A person looking out the window of a stationary train notices that raindrops are falling vertically down at a speed of 8.2 m/s relative to the ground. When the train moves at a constant velocity, the raindrops make an angle of 62° when they move past the window. How fast is the train moving?

Wouldn't tan 62= V/6.2

Of course, it is not clear how the angle is measured, either to the vertical or horizontal.

opps, typo, tan 62=V/8.2

15.42

To determine the speed of the train, we can use trigonometric relationships. Let's break down the problem:

Let v be the velocity of the train relative to the ground, and let θ be the angle the raindrops make with respect to the vertical when observed from the moving train.

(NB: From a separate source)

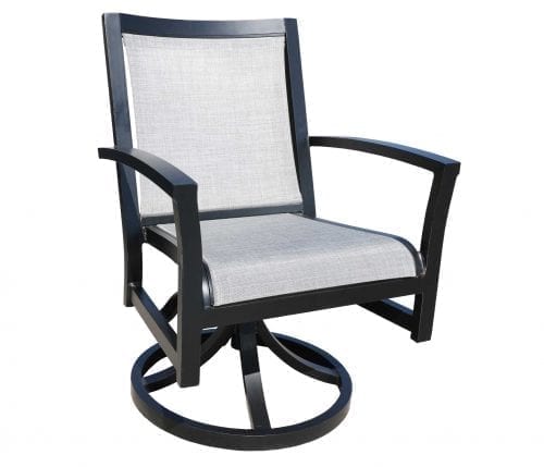 The contemporary, crisp lines of the Millcroft collection are constructed of durable cast aluminum frames which are powder coated for optimal corrosion resistance with Sunbrella Sling® fabric. Suitable for residential, commercial and poolside settings, this collection reflects our customers’ wish for luxury, function and ease. The Millcroft deep seating collection is shown in Sunbrella Sling® Augustine Pewter on Sherwin-Williams® Dark Rum cast aluminum frames. The Millcroft collection is also available in Sunbrella Sling® Sailing Seagull on TigerDrylac® White frames.

From the perspective of the person in the stationary train, the motion of the raindrops appears vertical, so the vertical component of their velocity remains 8.2 m/s.

When the train moves, the motion of the raindrops consists of two components: the vertical component and the horizontal component due to the train's velocity.

Therefore, we need to resolve the velocity vector of the raindrops into horizontal and vertical components.

The vertical component of the raindrop's velocity is still 8.2 m/s, as this remains unchanged.

The horizontal component of the raindrop's velocity is v, the velocity of the train.

Using trigonometry, we can relate the vertical and horizontal components of the raindrop's velocity to the angle θ:

tan(θ) = vertical component / horizontal component
tan(θ) = 8.2 m/s / v

Rearranging this equation to solve for v, we have:

v = 8.2 m/s / tan(θ)

Plugging in the given angle θ of 62°, we can now calculate the speed of the train:

v = 8.2 m/s / tan(62°)

Calculating this expression, we find that the speed of the train is approximately 18.4 m/s.